*SUPPLIED RECORDS*:
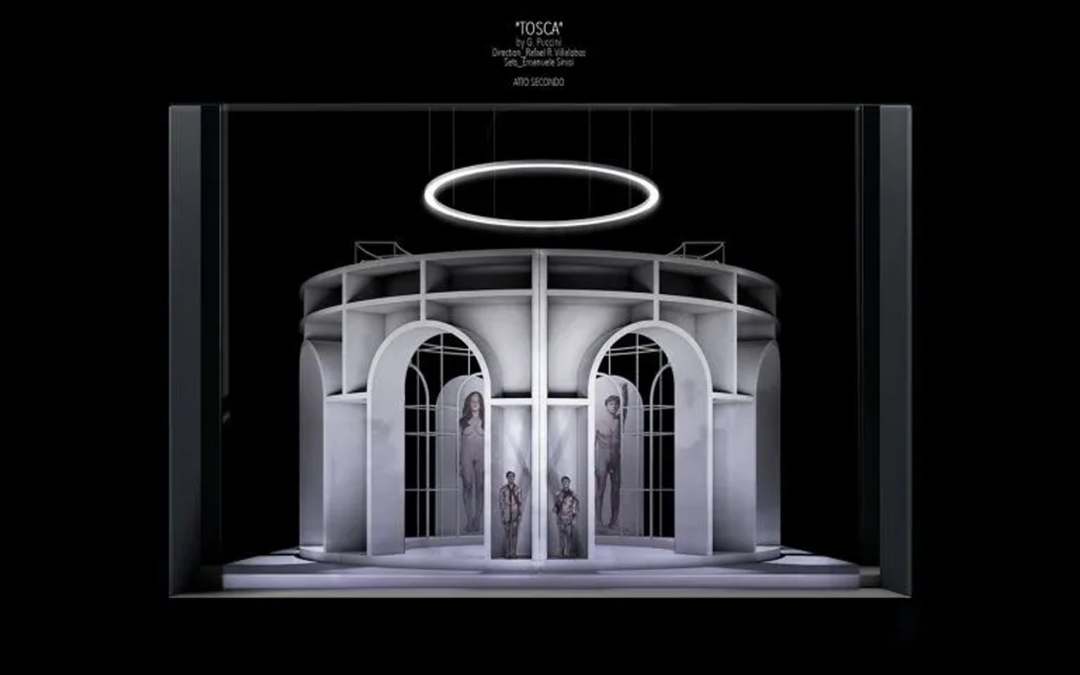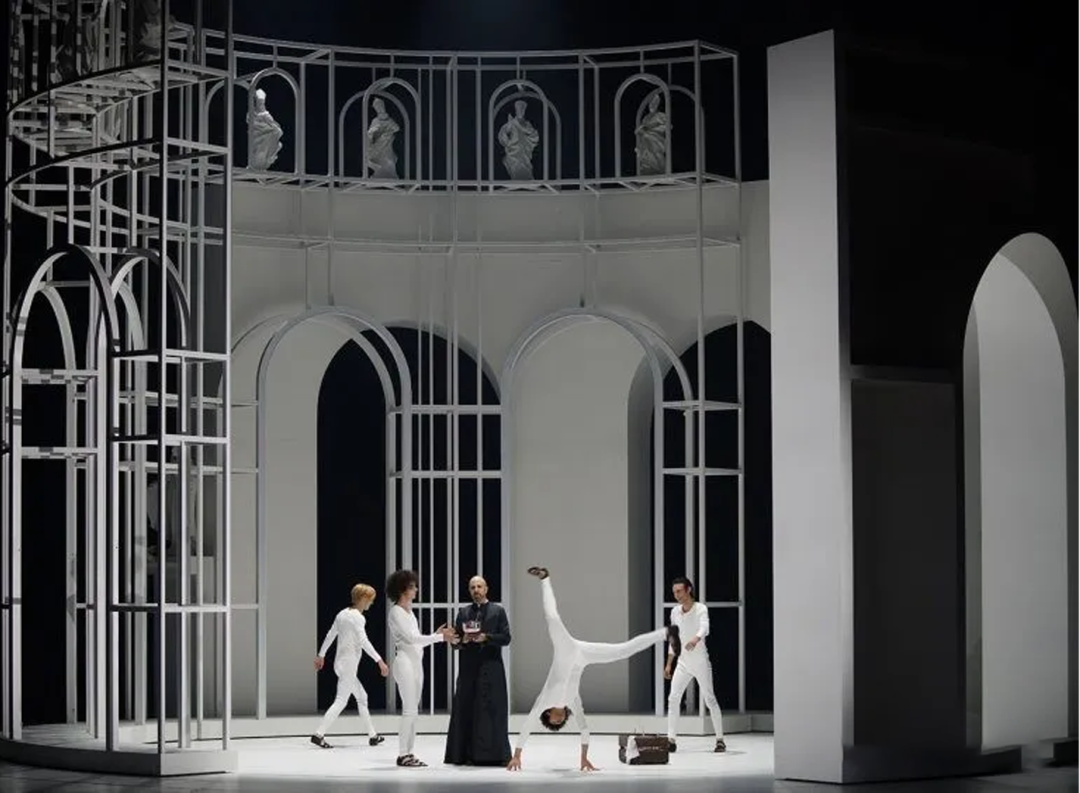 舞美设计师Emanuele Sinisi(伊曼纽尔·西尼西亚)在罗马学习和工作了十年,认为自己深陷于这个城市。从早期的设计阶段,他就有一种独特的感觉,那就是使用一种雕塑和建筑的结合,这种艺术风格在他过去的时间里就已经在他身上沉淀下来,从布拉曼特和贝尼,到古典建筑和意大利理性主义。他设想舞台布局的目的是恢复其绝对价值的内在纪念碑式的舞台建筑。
--
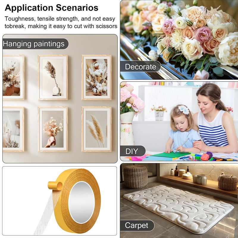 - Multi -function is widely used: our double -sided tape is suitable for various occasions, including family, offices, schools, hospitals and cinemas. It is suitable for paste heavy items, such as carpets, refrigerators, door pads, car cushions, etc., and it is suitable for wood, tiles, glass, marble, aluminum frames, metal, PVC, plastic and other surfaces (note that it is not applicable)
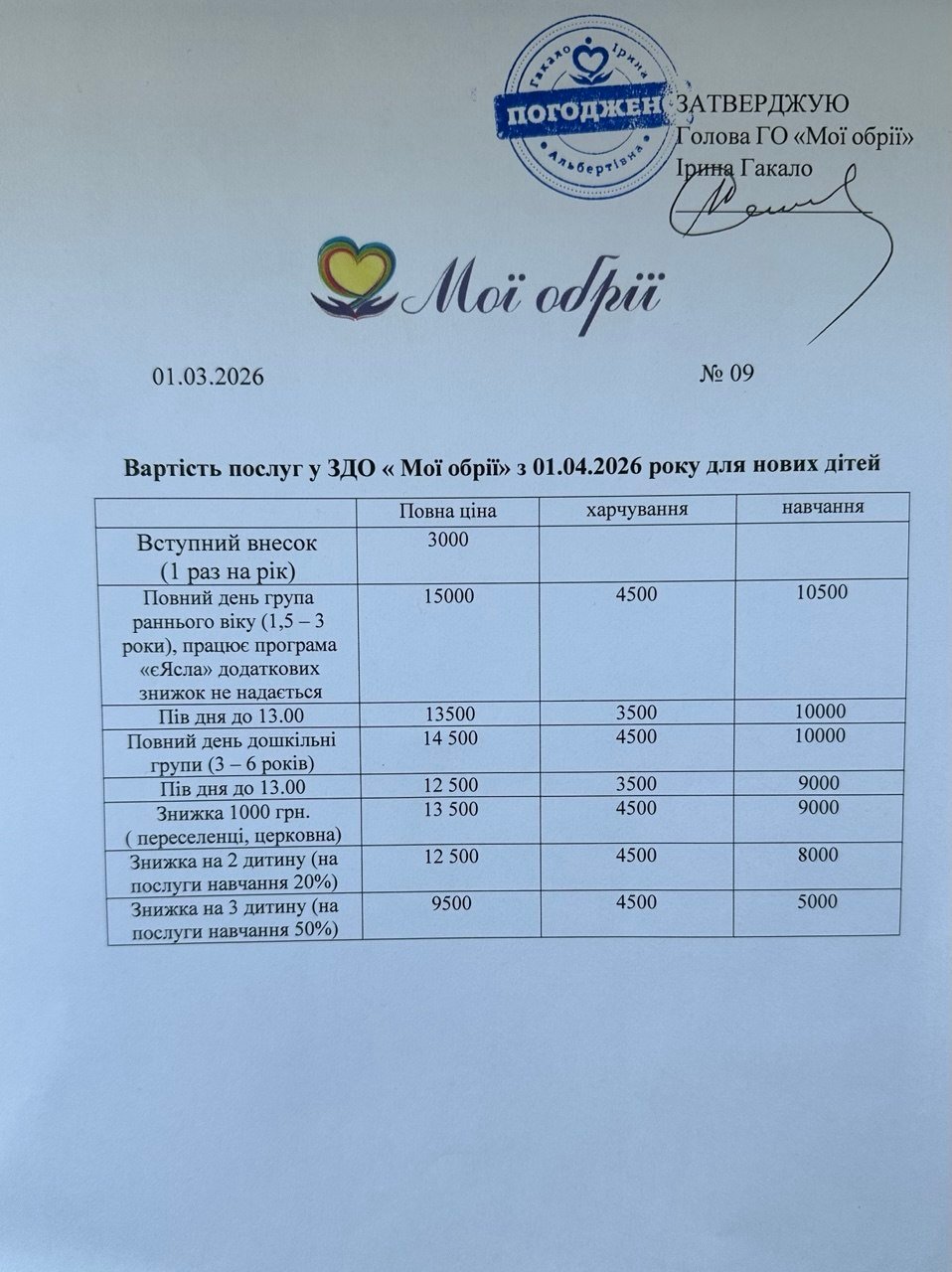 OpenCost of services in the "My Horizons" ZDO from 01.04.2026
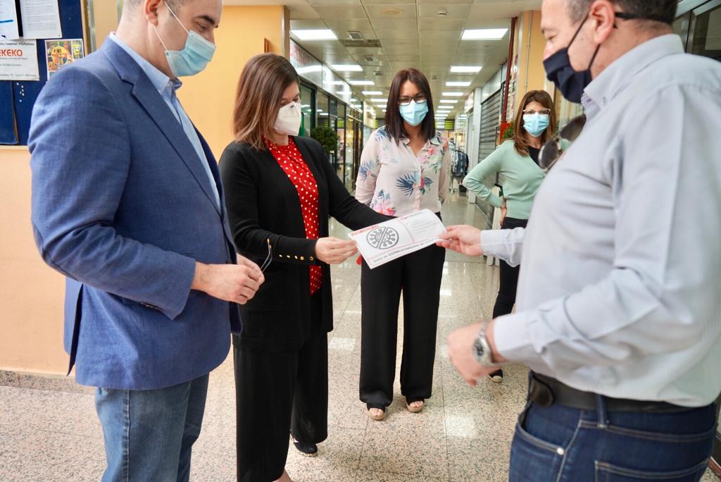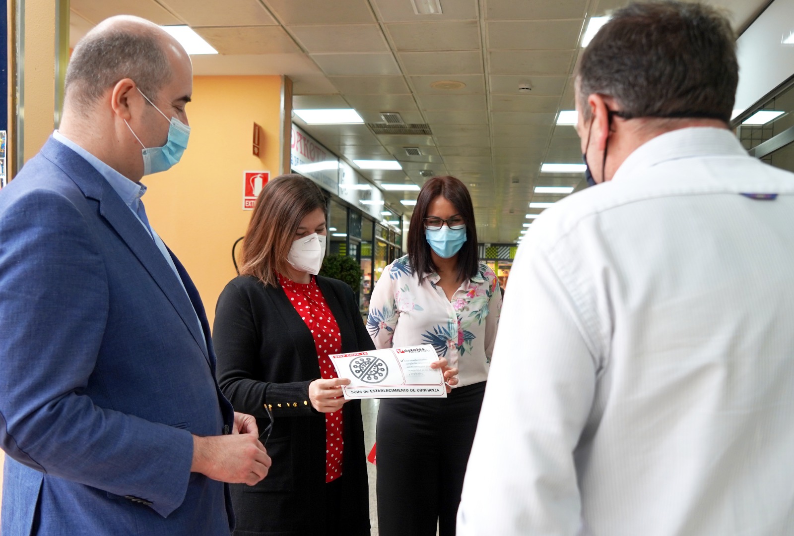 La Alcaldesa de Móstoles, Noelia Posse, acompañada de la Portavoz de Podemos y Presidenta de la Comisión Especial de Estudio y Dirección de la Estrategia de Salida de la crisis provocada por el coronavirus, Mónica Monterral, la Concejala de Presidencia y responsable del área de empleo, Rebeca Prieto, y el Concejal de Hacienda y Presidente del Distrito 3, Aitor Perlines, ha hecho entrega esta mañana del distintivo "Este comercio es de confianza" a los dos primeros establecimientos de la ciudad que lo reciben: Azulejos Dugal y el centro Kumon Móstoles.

*EXERCISE*:
Using the records above, repeat exactly the run of lines that starts with the line with "- Multi -function" and goes on through the line with "OpenCost of services"; omit each picture.

*WRITTEN RESPONSE*:
 - Multi -function is widely used: our double -sided tape is suitable for various occasions, including family, offices, schools, hospitals and cinemas. It is suitable for paste heavy items, such as carpets, refrigerators, door pads, car cushions, etc., and it is suitable for wood, tiles, glass, marble, aluminum frames, metal, PVC, plastic and other surfaces (note that it is not applicable)
 OpenCost of services in the "My Horizons" ZDO from 01.04.2026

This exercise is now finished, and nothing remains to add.